Your answer should hold only the lines from the start of the data below through the line with "北京市順金盛建設(shè)工", copied exactly, with pictures left out.

Provided material START

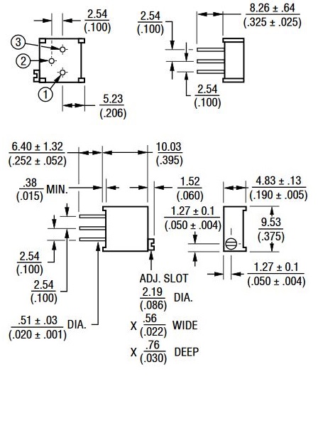 25 Umdrehungen; THT; 3296 W (Bourns) = 64 W (Spectrol/Vishay) = 67 W (BI-Tech) 10x9,5x4,85mm; Leistung: 0,5 W; Toleranz: ±10 %; 100 ppm/°C; Betriebstemperatur: -55 ÷ 125 °C
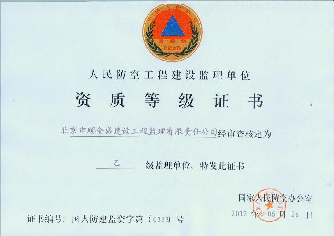 北京市順金盛建設(shè)工程監(jiān)理有限責(zé)任公司成立于1996年6月,具備房屋建筑工程監(jiān)理甲級(jí),市政公用工程監(jiān)理甲級(jí)資質(zhì),主要從事相應(yīng)類別建設(shè)工程的工程監(jiān)理、項(xiàng)目管理、技術(shù)咨詢業(yè)務(wù)。公司為北京市建設(shè)監(jiān)理協(xié)會(huì)理事單位、北京市民防協(xié)會(huì)會(huì)員單位。
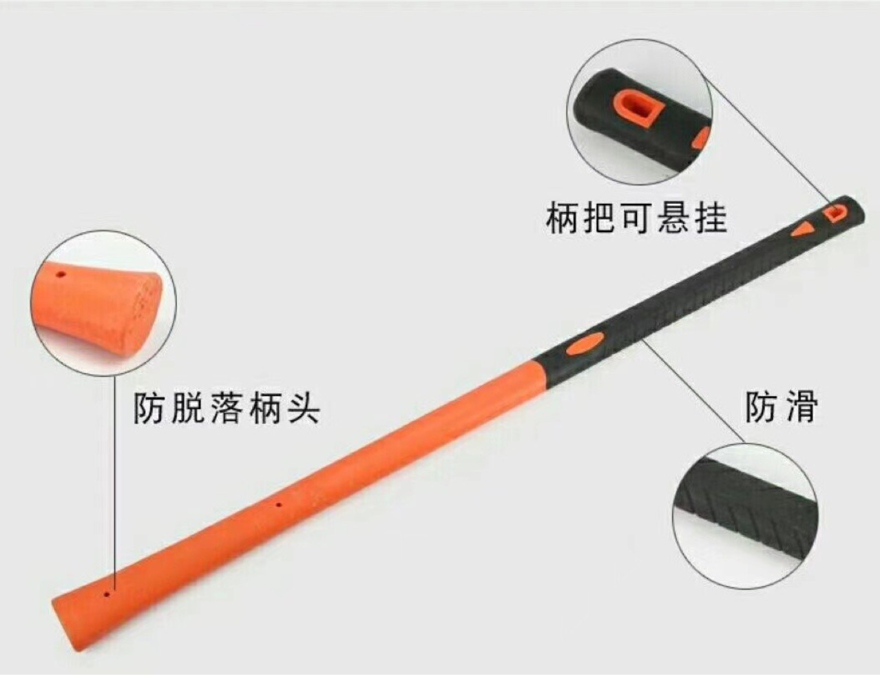 商品名称:合恒工品塑纤维镐把包塑纤维镐柄锤柄红黑柄镐柄

Provided material END

Written answer:
 25 Umdrehungen; THT; 3296 W (Bourns) = 64 W (Spectrol/Vishay) = 67 W (BI-Tech) 10x9,5x4,85mm; Leistung: 0,5 W; Toleranz: ±10 %; 100 ppm/°C; Betriebstemperatur: -55 ÷ 125 °C
 北京市順金盛建設(shè)工程監(jiān)理有限責(zé)任公司成立于1996年6月,具備房屋建筑工程監(jiān)理甲級(jí),市政公用工程監(jiān)理甲級(jí)資質(zhì),主要從事相應(yīng)類別建設(shè)工程的工程監(jiān)理、項(xiàng)目管理、技術(shù)咨詢業(yè)務(wù)。公司為北京市建設(shè)監(jiān)理協(xié)會(huì)理事單位、北京市民防協(xié)會(huì)會(huì)員單位。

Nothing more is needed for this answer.